TASK ITEM
Word for word, transcribe the listing that follows, minus any pictures.

╭─ THE DATA

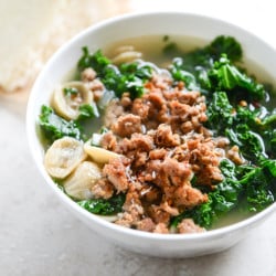 Spicy Sausage, Kale and Whole Wheat Orecchiette Soup
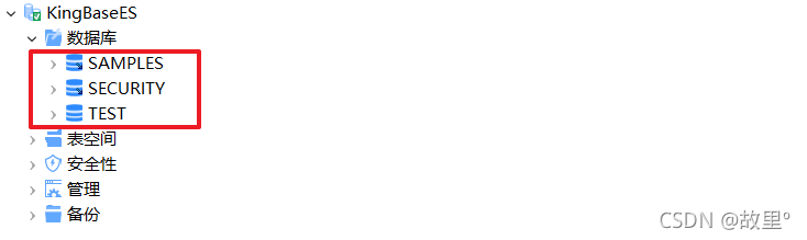 KingbaseES数据库初始化过程会创建一个数据库实例。KingbaseES创建数据库实例时会自动创建数据库:SAMPLES、SECURITY和TEST。每个数据库中可以包含多个数据库对象,如表、索引、序列等。
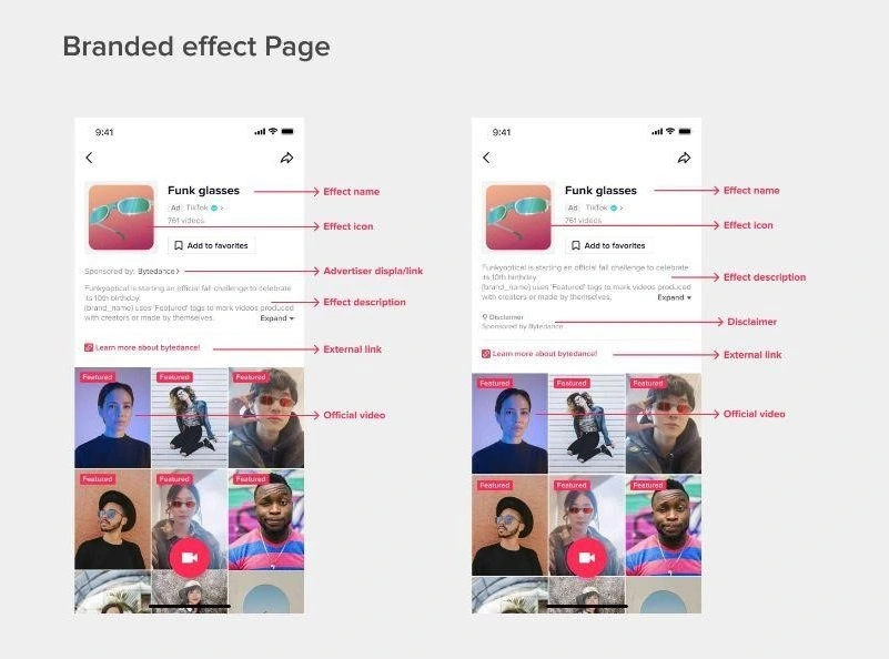 TikTok branded effects ads are short videos that feature a brand’s logo or product as part of the video’s effects. These ads are designed to grab users’ attention and encourage them to engage with the brand and can be used to promote a product, introduce a new service, or even create a fun and memorable experience for users.
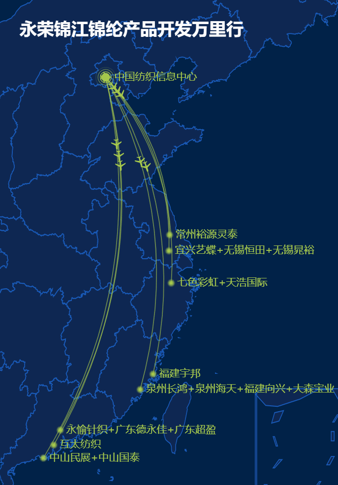 9月14日和11月15 — 25日,中心技术团队与永荣锦江的技术服务、市场推广和营销负责人共同组成联盟工作组开展“2021年度永荣锦江锦纶产品开发万里行”活动。联盟工作组由国家纺织产品开发中心总工程师陈宝建带队,从首站福建到浙江、广东、江苏等地跨越4省9市,走访了17家主营内衣、瑜伽服、运动服等品类的企业。

╰─

ANSWER AREA
 Spicy Sausage, Kale and Whole Wheat Orecchiette Soup
 KingbaseES数据库初始化过程会创建一个数据库实例。KingbaseES创建数据库实例时会自动创建数据库:SAMPLES、SECURITY和TEST。每个数据库中可以包含多个数据库对象,如表、索引、序列等。
 TikTok branded effects ads are short videos that feature a brand’s logo or product as part of the video’s effects. These ads are designed to grab users’ attention and encourage them to engage with the brand and can be used to promote a product, introduce a new service, or even create a fun and memorable experience for users.
 9月14日和11月15 — 25日,中心技术团队与永荣锦江的技术服务、市场推广和营销负责人共同组成联盟工作组开展“2021年度永荣锦江锦纶产品开发万里行”活动。联盟工作组由国家纺织产品开发中心总工程师陈宝建带队,从首站福建到浙江、广东、江苏等地跨越4省9市,走访了17家主营内衣、瑜伽服、运动服等品类的企业。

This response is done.